*** Begin section ***

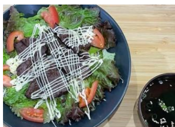
シシリアンライス スープ付 ¥1,000
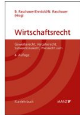
Grundriss des österreichischen Wirtschaftsrechts Ladenpreis: 93,00EUR
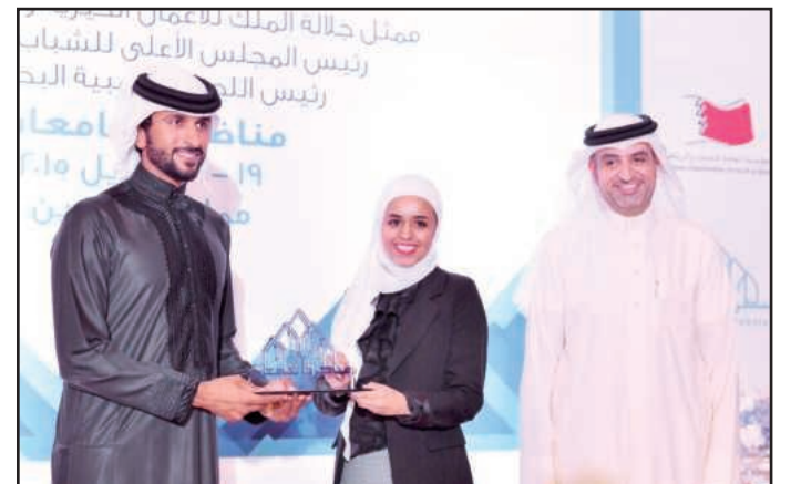
● الشيخ ناصر آل خليفة يكرم لولوة الخطاف

الحجي استقبلت فريق المناظرات من جانبها استقبلت مدير جامعة الكويت بالإنيابة أ. د. حياة الحجي فريق طلبة الجامعة الفائز بجائزة رواد المناظرات في قطر. وأعربت الحجي عن سعادتها البالغة وفخرها بتحقيق فريق الجامعة لهذا الفوز الذي يتجلى الصدر، مباركة لجامعة الكويت حصولها على جائزة رواد المناظرات، والتي تعتبر الجائزة الأولى التي يقدمها المركز وقد حظيت بها الجامعة، مؤكدة على أن هذا الفوز دليل على أن الجامعة تسعى بخطى حثيثة إلى الأمام. وتطلعت إلى ضرورة مشاركة طلبة المنح الدراسية والبعثات في دوري مناظرات فيما بينهم خاصة وأن معظمهم يجيدون اللغة العربية، مشيرة إلى وجود طلبة من أكثر من عدة دول يدرسون في الجامعة ويدرسون اللغة العربية في مركز اللغات، مؤكدة أن تلك المشاركة ستخلق انطباعاتاً جيداً ومشجعاً لديهم وسينقلون من خلالها
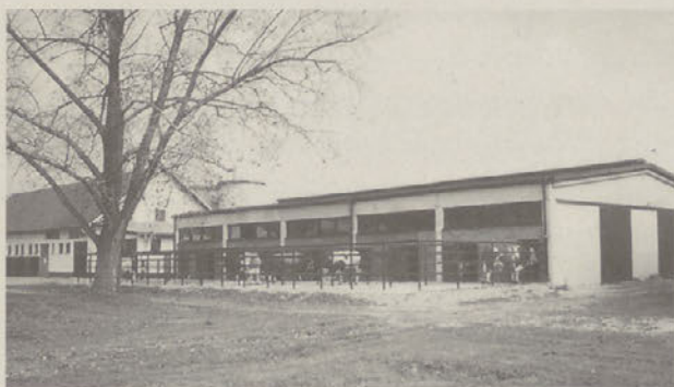
Novi hlevi v Obdravskemu zavodu za veterinarstvo in živinorejo na Ptuj

Pri iskanju dela za druge naročnike pa so doslej bili že velikokrat uspešni in ponekod jih povabijo tudi naslednjč ko potrebujejo dobre mojstre. Ko so na primer Obdravskemu zavodu za veterinarstvo in živinorejo na Ptuj zgradili hlev za plemenske bike, ni bilo več vprašanje, kdo bo kasneje gradil še hlev za plemenske
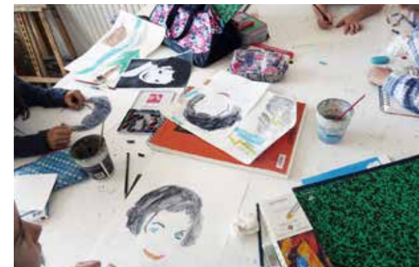
Atelier 8-10 ans, Veronique Delange

– Costumes et masques, pour les enfants et les adultes, avec Marion Dubois Du lundi 18 au vendredi 22 février de 13h30 à 17h30, à Cherbourg / Tarifs : 70 € pour les enfants et 90€ pour les adultes – inscription jusqu'au 8 février Les masques et costumes ont influencé et inspiré de nombreux artistes. Il s'agira lors de ce stage, ouvert à des binômes adulte/enfant (à partir de 6 ans) ainsi qu'à des enfants seuls (de 9 à 14 ans), de créer à son tour un costume à partir de matériaux de récupération.
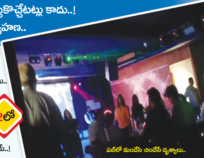
పబ్లో మందేసి చిందేసి దృశ్యాలు..
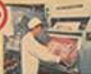
お布団の水洗い作業
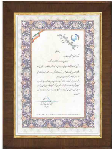
تقدیرنامه شرکت در نخستین نمایشگاه توانمندی های بهره برداری در صنعت آب و فاضلاب
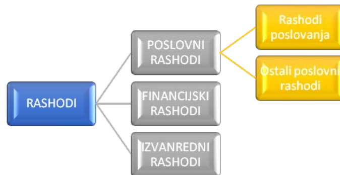
Slika 2: Vrste rashoda prema ZOR-u
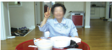
5.19 독거노인친구만들기 사례관리
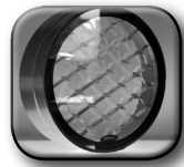
Productos alta eficiencia energética.
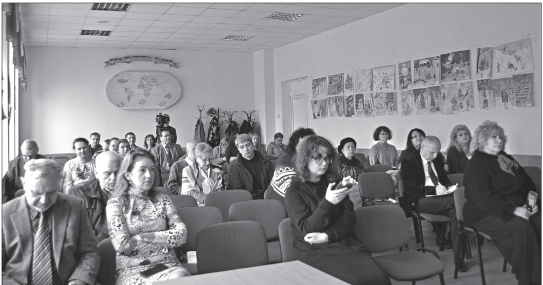
Учасники наукового форуму

Задля успішного проведення наукового форуму був сформований організаційний комітет. Його очолили: доктор економічних наук, державний секретар Міністерства освіти і науки України С. В. Захарін та доктор філософії, професор, в. о. директора НДІУ МОН України, лауреат Державної премії України в галузі науки і техніки В. Г. Чернець. Заступниками співголів оргкомітету стали:
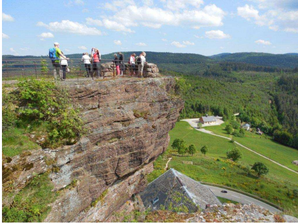
Wanderung durch die Geisterfelsen am Nachmittag.
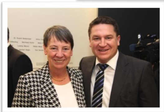
Eindrücke aus der Fraktion
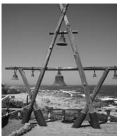
Casa de Neruda en Isla Negra

El concurrido balneario de inmensas playas que era Cartagena a finales del S.XIX es hoy una ciudad acogedora y somnolienta, donde reposan en una paz sobrecogedora los restos del audaz poeta Huidobro. En la relativa bonanza económica actual, la tierra donde vivieron algunas de las más interesantes culturas precolombinas, se va erigiendo como un destacado centro tecnológico y financiero de América Latina, aunque a las afueras de las grandes ciudades, junto a alguna urbanización, abundan las casas bajas de fachadas descascarilladas y tejados de chapa, donde se respira aún la humanidad de una alegre vida aldeana.
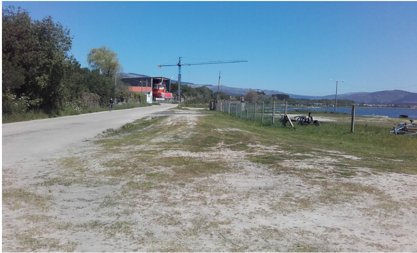
Explanada norte y vial principal
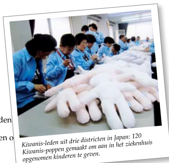
Kiwanis-leden uit drie districten in Japan: 120 Kiwanis-poppen gemaakt om aan in het ziekenhuis opgenomen kinderen te geven.

Eén blik op het stappenplan toont dat Kiwanisdag verbluffend eenvoudig kan zijn. Vergaar ideeën uit vroegere succesverhalen. Licht de media in met behulp van de talrijke informatiekanalen. Ga vandaag nog aan de slag!
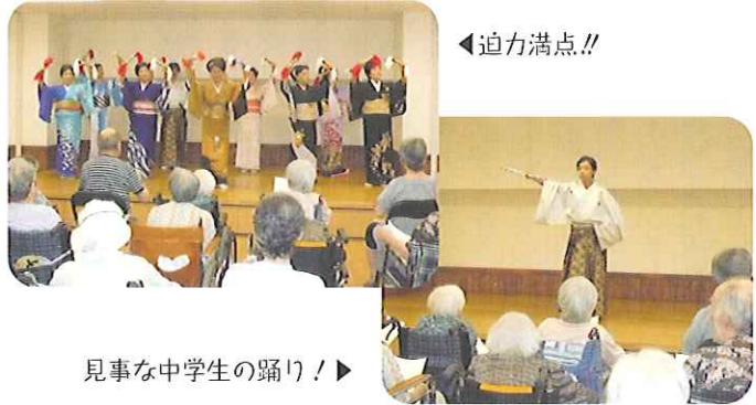
見事な中学生の踊り!▶
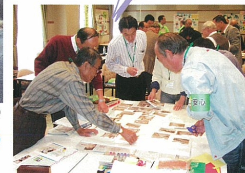
地域安全マップ指導者養成講座(高梁市総合文化会館)
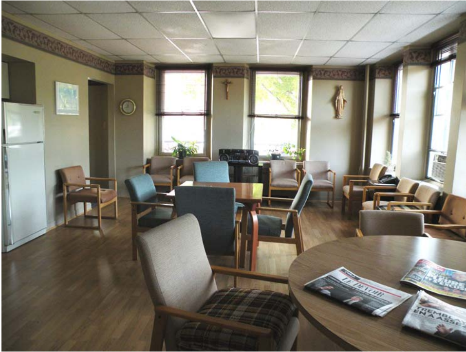
Ancienne salle commune des religieuses, aile Faillon, rez-de-chaussée.
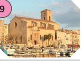
La Ciotat Notre-Dame de Grâce
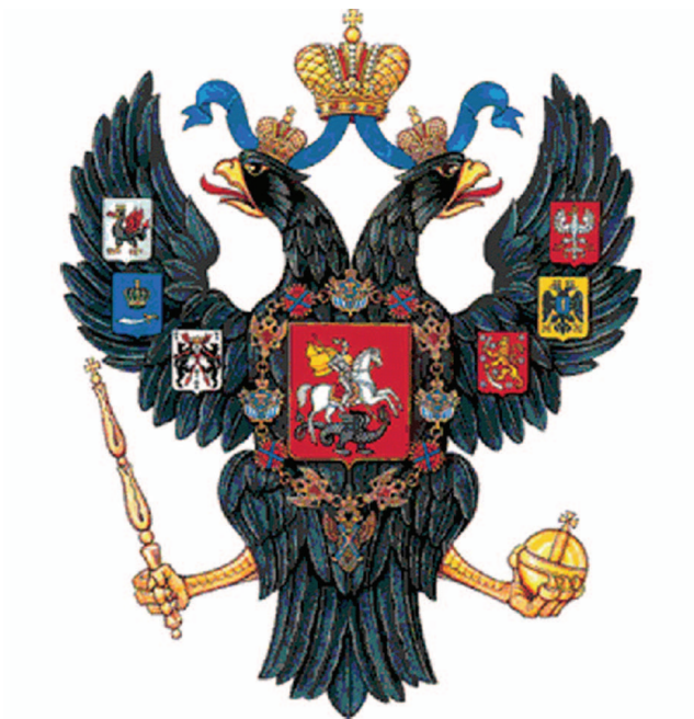
рис.13 Герб Николая I
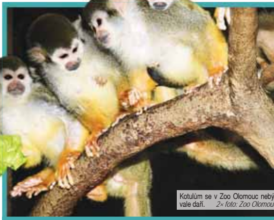
Kotulům se v Zoo Olomouc nebyvale daří.

travě v jejich korunách. Živí se nejrůznějšími plody, květy, hmyzem, nektarem i drobnými obratlovci. Kotulové tvoří až stočlenné tlupy složené z druhů novosvětských primátů, nejčastěji s uakari či s malpami. „Samice rodí jediné mládě po pílnoční březosti, které
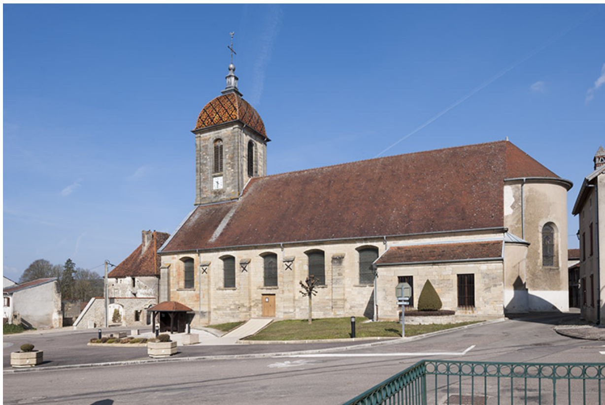
L'église d'Ormoy. 70, Ormoy
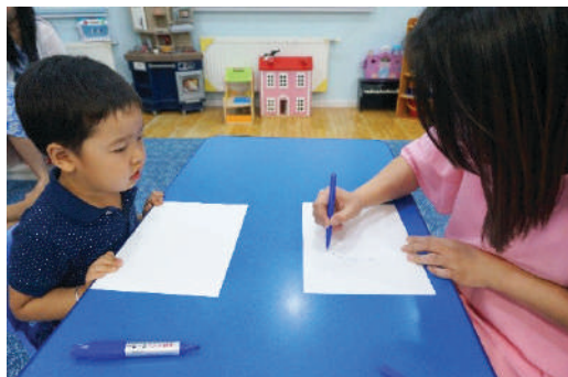
Багш дугуй дүрс зурж үзүүлэх
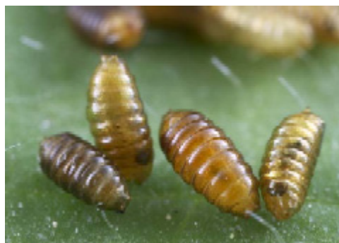
Puparier där flugpupporna är redo att kläckas.

Puppan ligger skyddad inuti sista larvstadiets stelade larvhud, som strikt vetenskapligt benämns ett puparium. En del puparier kan bli hängande under bladet, men de flesta hamnar på marken. Chromatomyia -arter däremot förpuppas alltid i bladet, inuti minan. När nyaflugor kläckts parar de sig och honorna börjar lägga ägg. En hona lägger över 200 ägg under sin livstid (ca två veckor).

*** End section ***

EXERCISE PROMPT:
Where the line containing "Eén blik op" appears, begin copying there and continue exactly through the final line of the records; both end lines belong in the copy, pictures do not.

TASK RESPONSE:
Eén blik op het stappenplan toont dat Kiwanisdag verbluffend eenvoudig kan zijn. Vergaar ideeën uit vroegere succesverhalen. Licht de media in met behulp van de talrijke informatiekanalen. Ga vandaag nog aan de slag!
見事な中学生の踊り!▶
地域安全マップ指導者養成講座(高梁市総合文化会館)
Ancienne salle commune des religieuses, aile Faillon, rez-de-chaussée.
La Ciotat Notre-Dame de Grâce
рис.13 Герб Николая I
Kotulům se v Zoo Olomouc nebyvale daří.

travě v jejich korunách. Živí se nejrůznějšími plody, květy, hmyzem, nektarem i drobnými obratlovci. Kotulové tvoří až stočlenné tlupy složené z druhů novosvětských primátů, nejčastěji s uakari či s malpami. „Samice rodí jediné mládě po pílnoční březosti, které
L'église d'Ormoy. 70, Ormoy
Багш дугуй дүрс зурж үзүүлэх
Puparier där flugpupporna är redo att kläckas.

Puppan ligger skyddad inuti sista larvstadiets stelade larvhud, som strikt vetenskapligt benämns ett puparium. En del puparier kan bli hängande under bladet, men de flesta hamnar på marken. Chromatomyia -arter däremot förpuppas alltid i bladet, inuti minan. När nyaflugor kläckts parar de sig och honorna börjar lägga ägg. En hona lägger över 200 ägg under sin livstid (ca två veckor).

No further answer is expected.